In mathematics, a stopped process is a stochastic process that is forced to assume the same value after a prescribed (possibly random) time.

Definition

Let

  • [math]\displaystyle{ (\Omega, \mathcal{F}, \mathbb{P}) }[/math] be a probability space;
  • [math]\displaystyle{ (\mathbb{X}, \mathcal{A}) }[/math] be a measurable space;
  • [math]\displaystyle{ X : [0, + \infty) \times \Omega \to \mathbb{X} }[/math] be a stochastic process;
  • [math]\displaystyle{ \tau : \Omega \to [0, + \infty] }[/math] be a stopping time with respect to some filtration [math]\displaystyle{ \{ \mathcal{F}_{t} | t \geq 0 \} }[/math] of [math]\displaystyle{ {}\mathcal{F} }[/math].

Then the stopped process [math]\displaystyle{ X^{\tau} }[/math] is defined for [math]\displaystyle{ t \geq 0 }[/math] and [math]\displaystyle{ \omega \in \Omega }[/math] by

[math]\displaystyle{ X_{t}^{\tau} (\omega) := X_{\min \{ t, \tau (\omega) \}} (\omega). }[/math]

Examples

Gambling

Consider a gambler playing roulette. Xt denotes the gambler's total holdings in the casino at time t ≥ 0, which may or may not be allowed to be negative, depending on whether or not the casino offers credit. Let Yt denote what the gambler's holdings would be if he/she could obtain unlimited credit (so Y can attain negative values).

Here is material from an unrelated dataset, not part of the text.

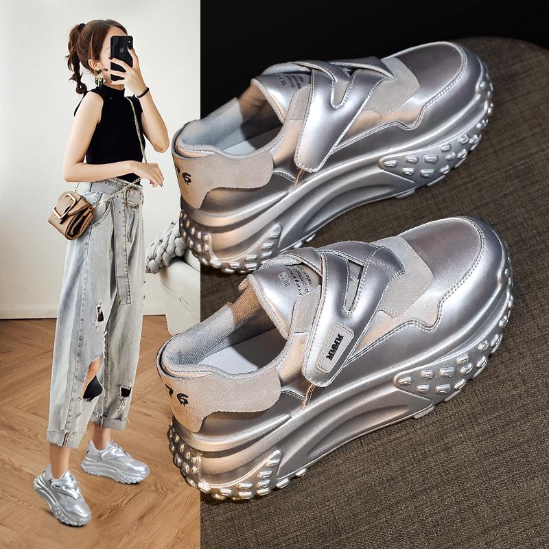 여성용 내부 높이 향상 신발 2024 봄과 가을 새로운 올매치 핑크 스포츠 캐주얼 신발 두꺼운 밑창 포레스트 검프 신발 작은 신발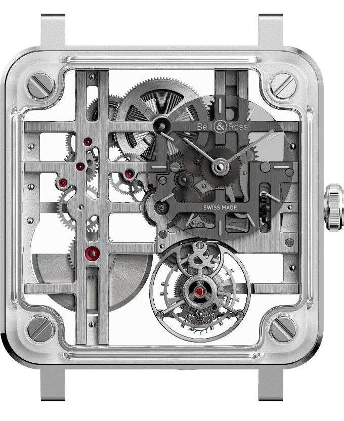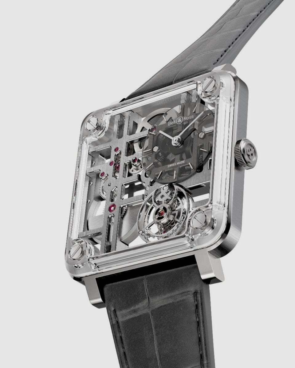 De klassieke Bell & Ross-vorm wordt in de BR-X3 volledig opengebroken — letterlijk. De stalen middenkast wordt gevat tussen een saffieren voor- en achterkant, waardoor het uurwerk als een zwevend architecturaal object aanvoelt. Vier herkenbare schroeven houden het geheel samen, maar verder is álles transparant.

  • Stopping at a deterministic time: suppose that the casino is prepared to lend the gambler unlimited credit, and that the gambler resolves to leave the game at a predetermined time T, regardless of the state of play. Then X is really the stopped process YT, since the gambler's account remains in the same state after leaving the game as it was in at the moment that the gambler left the game.
  • Stopping at a random time: suppose that the gambler has no other sources of revenue, and that the casino will not extend its customers credit. The gambler resolves to play until and unless he/she goes broke. Then the random time
[math]\displaystyle{ \tau (\omega) := \inf \{ t \geq 0 | Y_{t} (\omega) = 0 \} }[/math]

is a stopping time for Y, and, since the gambler cannot continue to play after he/she has exhausted his/her resources, X is the stopped process Yτ.

Brownian motion

Let [math]\displaystyle{ B : [0, + \infty) \times \Omega \to \mathbb{R} }[/math] be a one-dimensional standard Brownian motion starting at zero.

  • Stopping at a deterministic time [math]\displaystyle{ T \gt 0 }[/math]: if [math]\displaystyle{ \tau (\omega) \equiv T }[/math], then the stopped Brownian motion [math]\displaystyle{ B^{\tau} }[/math] will evolve as per usual up until time [math]\displaystyle{ T }[/math], and thereafter will stay constant: i.e., [math]\displaystyle{ B_{t}^{\tau} (\omega) \equiv B_{T} (\omega) }[/math] for all [math]\displaystyle{ t \geq T }[/math].
  • Stopping at a random time: define a random stopping time [math]\displaystyle{ \tau }[/math] by the first hitting time for the region [math]\displaystyle{ \{ x \in \mathbb{R} | x \geq a \} }[/math]:
[math]\displaystyle{ \tau (\omega) := \inf \{ t \gt 0 | B_{t} (\omega) \geq a \}. }[/math]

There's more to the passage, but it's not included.